Mais qu'en est-il, effectivement, des tirs de snipers israéliens
sur les enfants et de la pratique de la torture dans les
prisons ? Rien. Vrai ou faux ? À lire leur prose, nous n'en
saurons pas plus. On préfère évoquer à mon encontre « les
protocoles des sages de Sion », comme l'a fait Pierre Assouline.
À croire que la coalition de ceux qui ne veulent pas savoir et
de ceux qui ne veulent pas que l'on sache est majoritaire. Et au
lieu de réfuter mes affirmations de manière factuelle, mes
détracteurs préfèrent ainsi jeter l'anathème.

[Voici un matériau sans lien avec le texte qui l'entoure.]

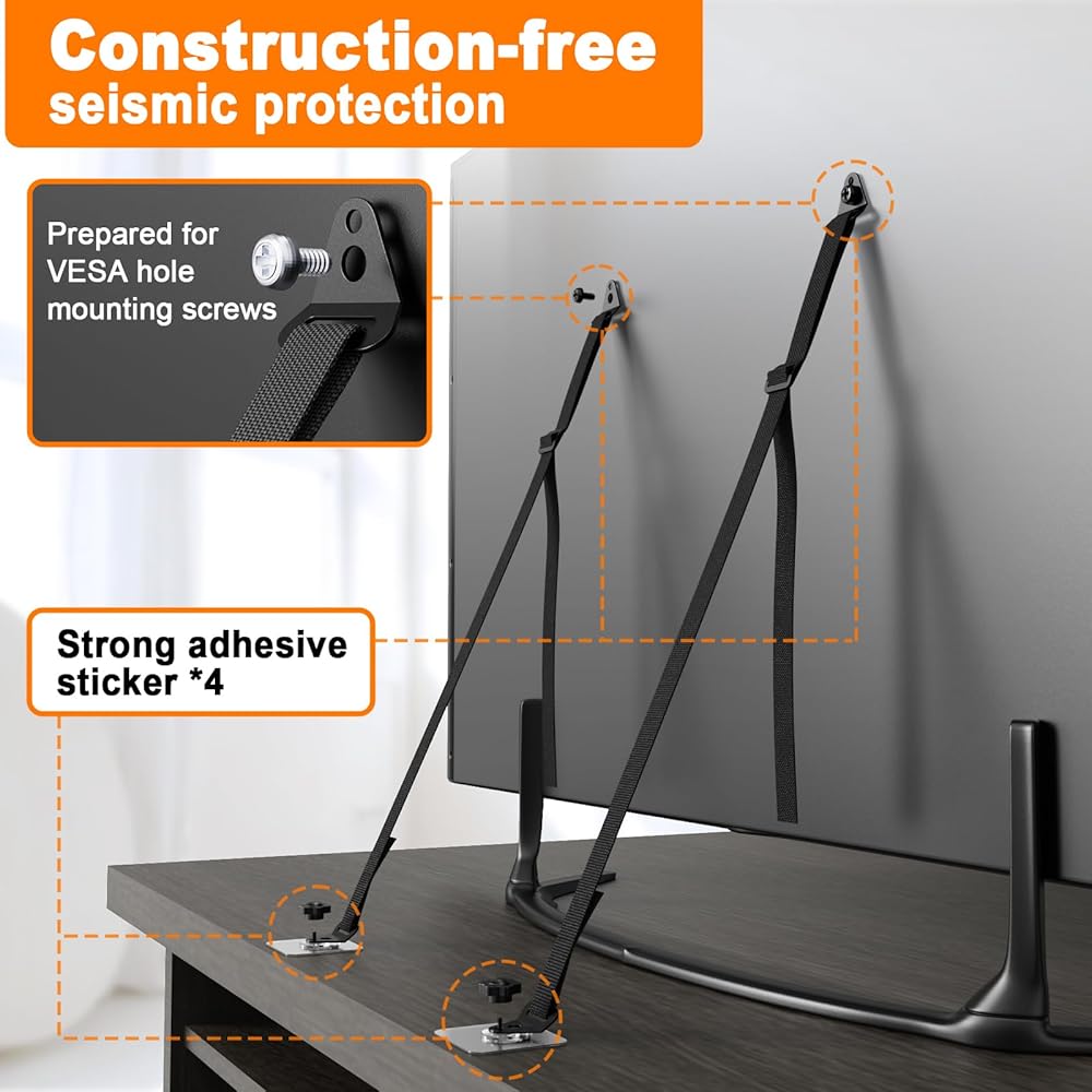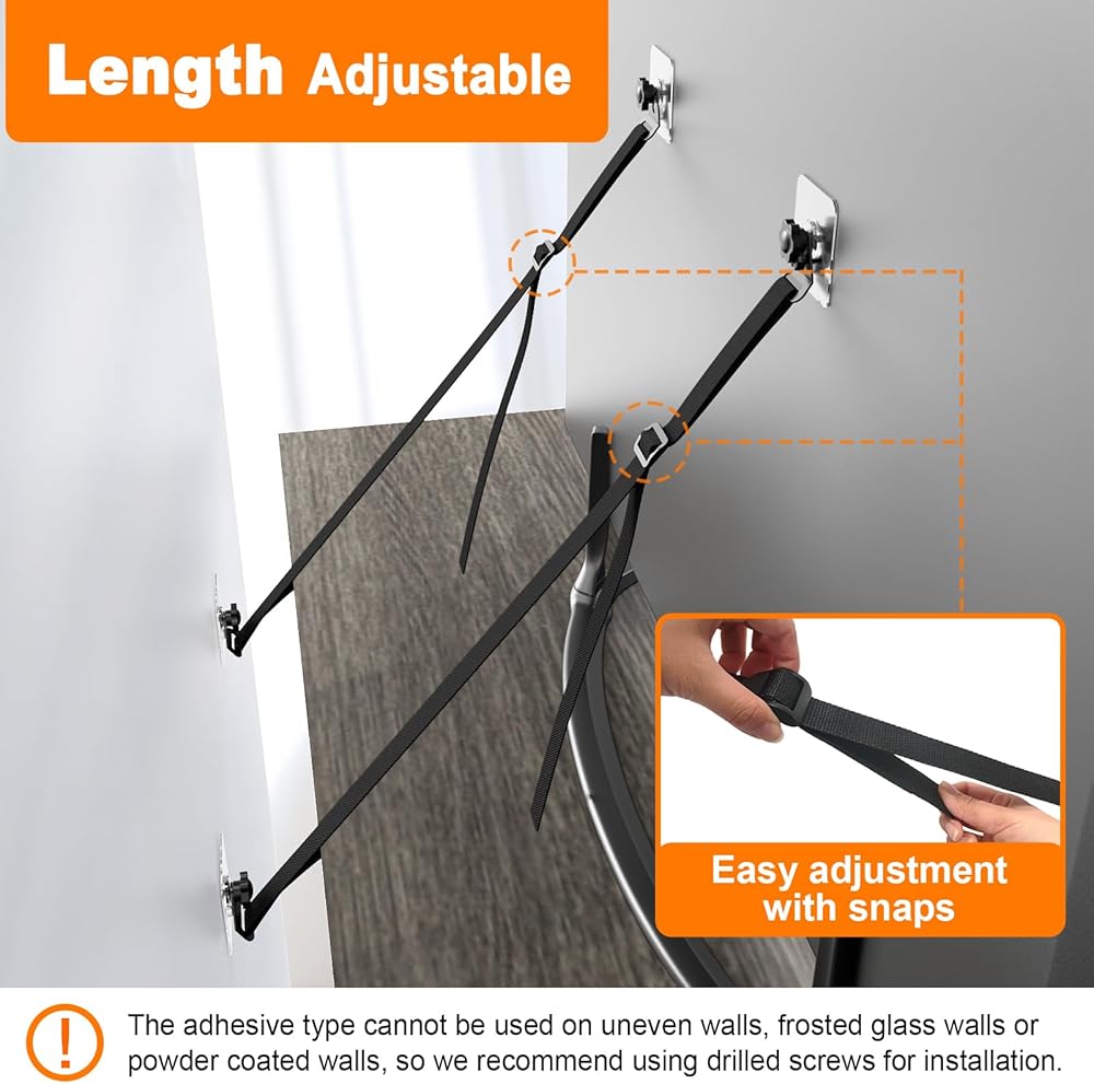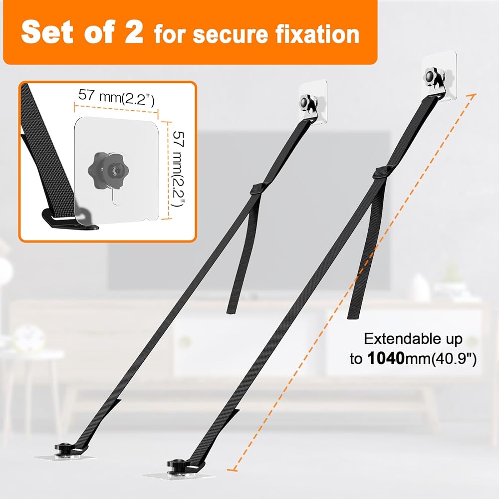 الطول قابل للتعديل: الطول الإجمالي لأشرطة التلفزيون والأثاث المضادة للطرف هو 157 سم، والتي يمكن استخدامها لأجهزة التلفاز حتى 85 بوصة ويمكنها تحمل زلزال شديد الشدة 7. يمكن تعديل الطول بسهولة باستخدام الإبزيم وهو مناسب لمعظم أجهزة التلفاز والأثاث.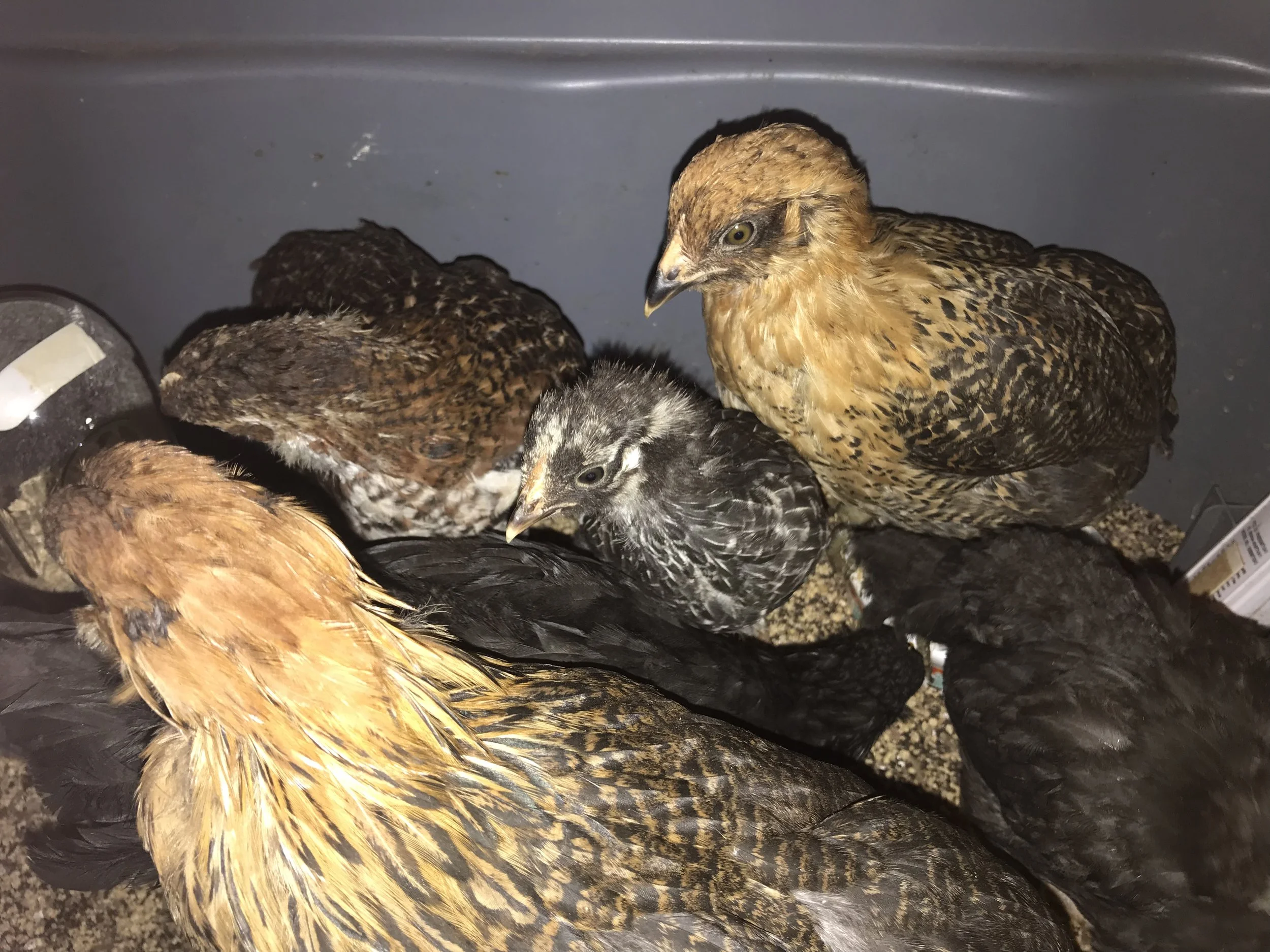 Our littlest two, Willow and Dahlia, being 2 weeks behind the rest of the group aren’t quite big enough to attack the ramp to the roosting area or have enough feathers for cooler nights. Don’t get me wrong, they have spunk for days: joining the chickie mosh pits, zooming around stealing mealworms, and claiming the sunniest spots for themselves.
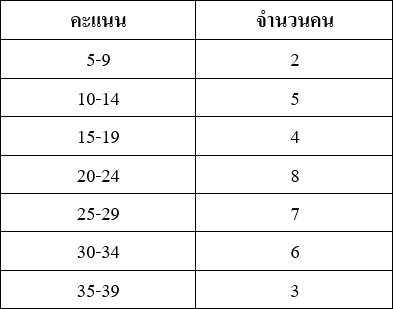 ในการสอบวิชาสถิติมีนักเรียนเข้าสอบ 35 คน ทำคะแนนดังตารางที่กำหนดให้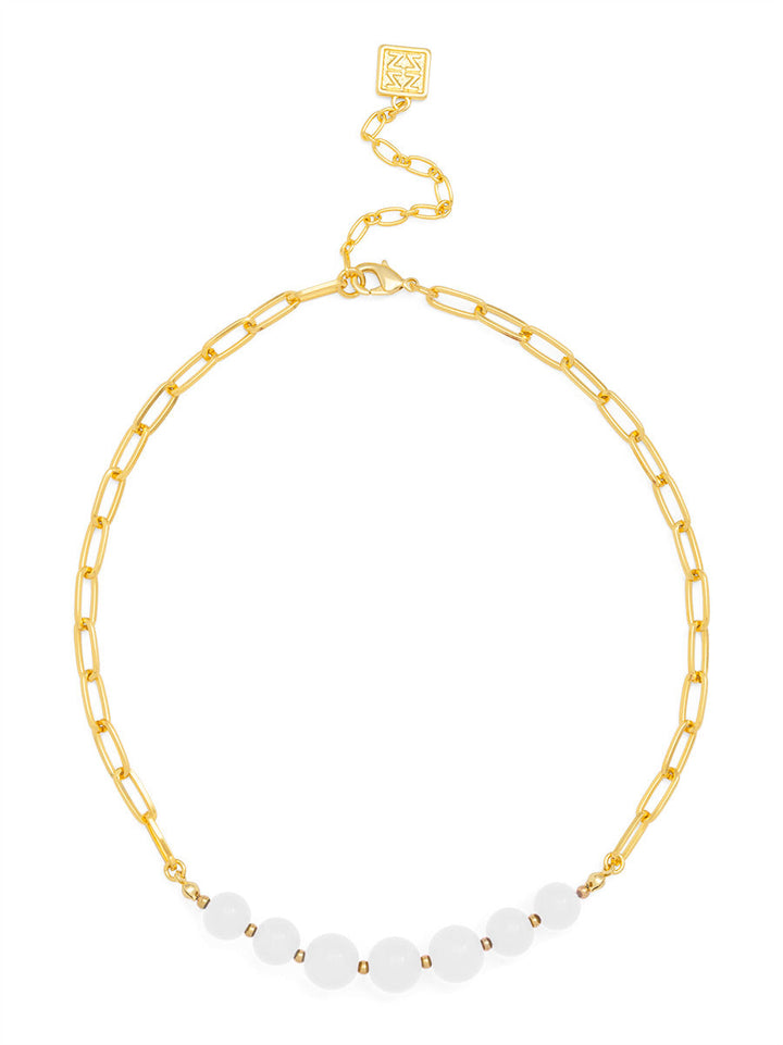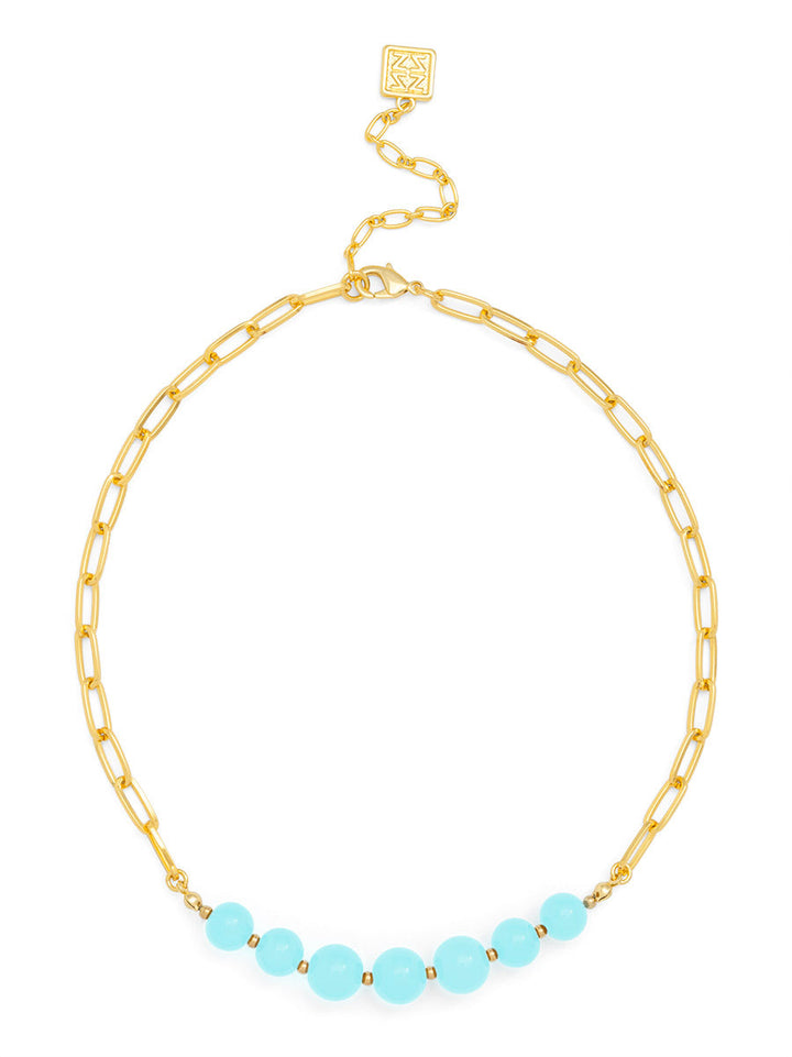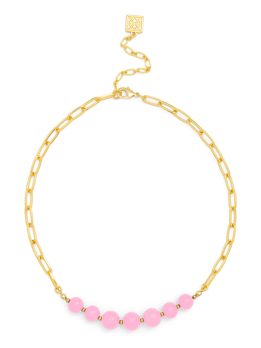 Sophisticated yet simple, Sydney gives a boost to your neckline. The chain link is adorned with glass beads to complete your day or night look.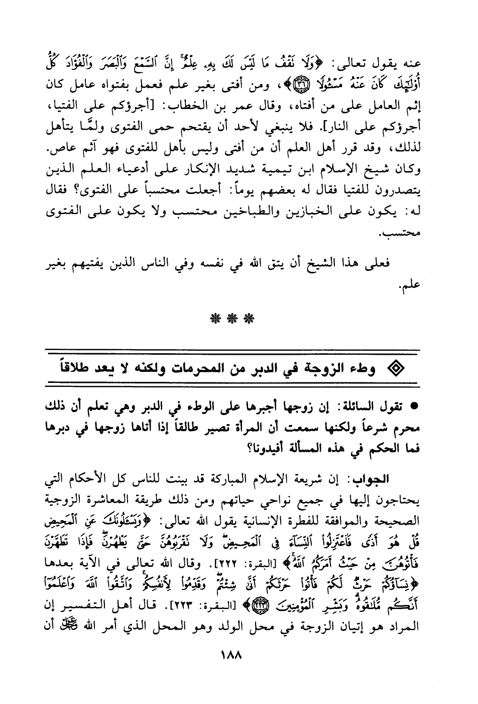 عنه يقول تعالى: {وَلَا تَقْفُ مَا لَيْسَ لَكَ بِهِ عِلْمٌ إِنَّ السَّمْعَ وَالْبَصَرَ وَالْفُؤَادَ كُلُّ أُولَئِكَ كَانَ عَنْهُ مَسْئُولًا}، ومن أفتى بغير علم فعمل بفتواه عامل كان إثم العامل على من أفتاه، وقال عمر بن الخطاب: [أجرؤكم على الفتيا، أجرؤكم على النار]. فلا ينبغي لأحد أن يقتحم حمى الفتوى ولمَّا يتأهل لذلك، وقد قرر أهل العلم أن من أفتى وليس بأهل للفتوى فهو آثم عاص. وكان شيخ الإسلام ابن تيمية شديد الإنكار على أدعياء العلم الذين يتصدرون للفتيا فقال له بعضهم يوماً: أجعلت محتسباً على الفتوى؟ فقال له: يكون على الخبازين والطباخين محتسب ولا يكون على الفتوى محتسب.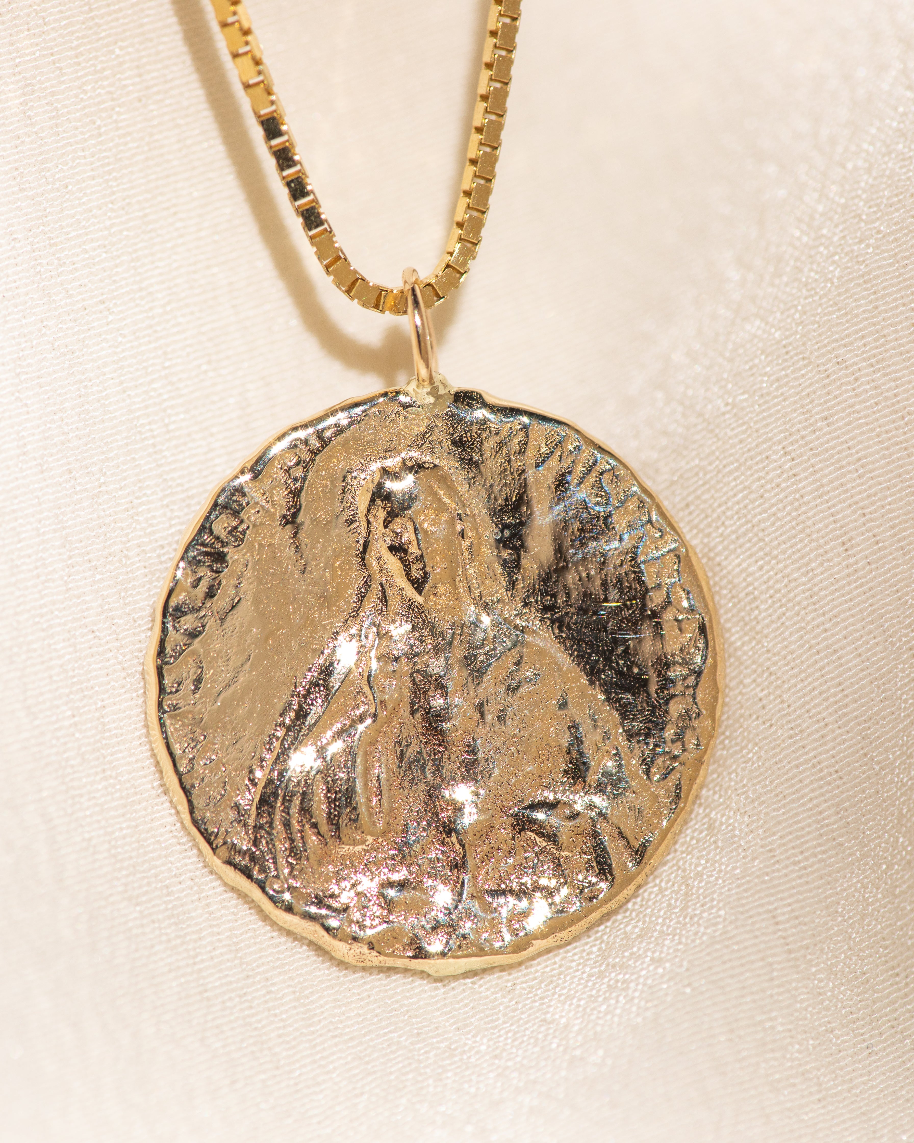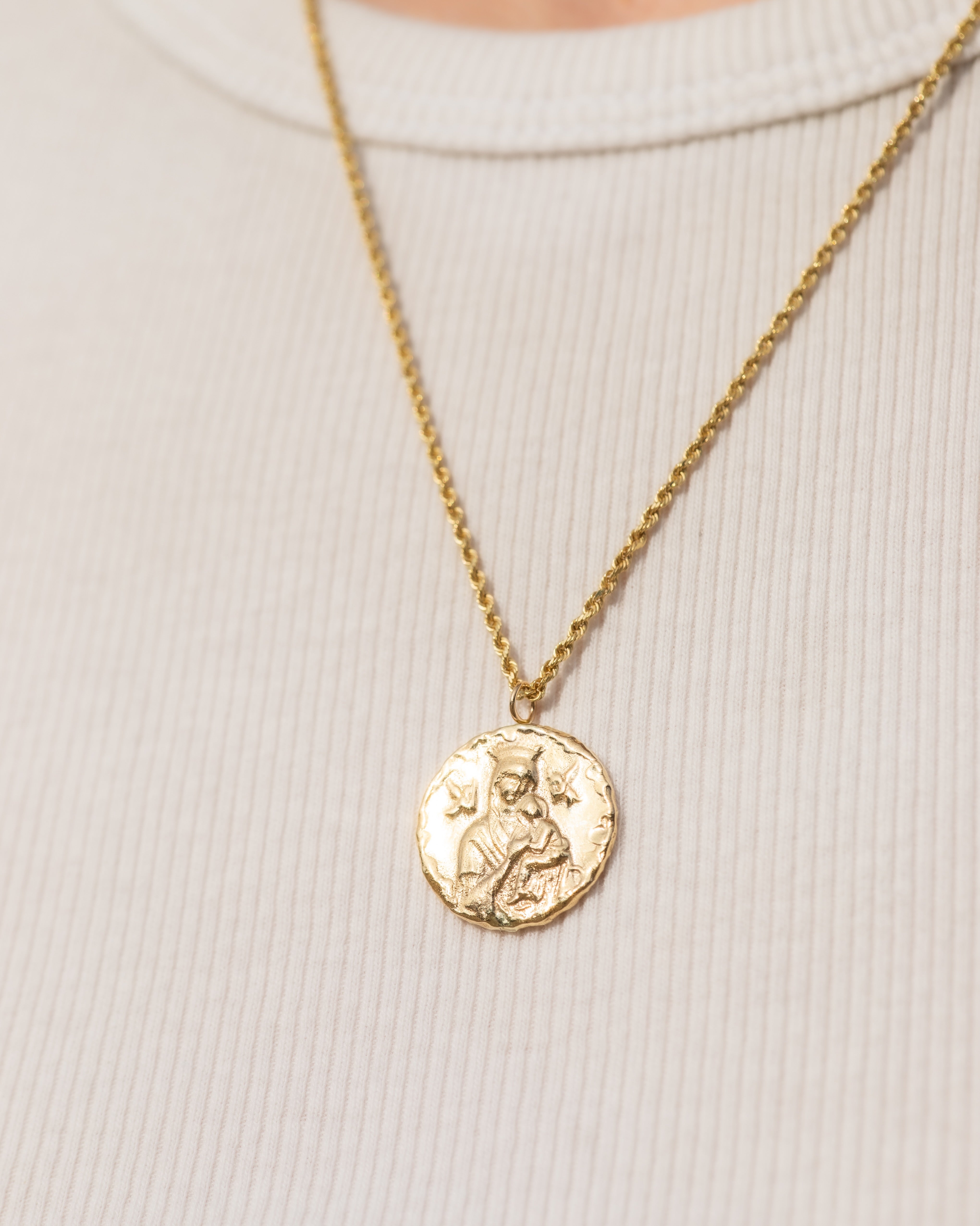 Inspired by an antique 18th-century French amulet, this is the kind of sacred medallion people wore over their hearts for blessing, protection, and maternal guidance. The archetype of the Holy Mother - nurturing, guiding the soul back to its innocence, healing childhood wounds, and restoring trust in the Divine - emulate an ever-present reminder that you are held and watched over.

Mais, précisément, parlons plutôt des faits. Deux phrases
inlassablement reprises en boucle, tirées de leur contexte, en
effet, ont alimenté mon lynchage médiatique. « L’Etat d’Israël
est le seul où des snipers abattent des fillettes à la sortie
des écoles ». Cette affirmation visait à répliquer aux
signataires d’une violente charge contre l’Iran, pays où la
peine de mort est cruellement appliquée. Une phrase choquante ?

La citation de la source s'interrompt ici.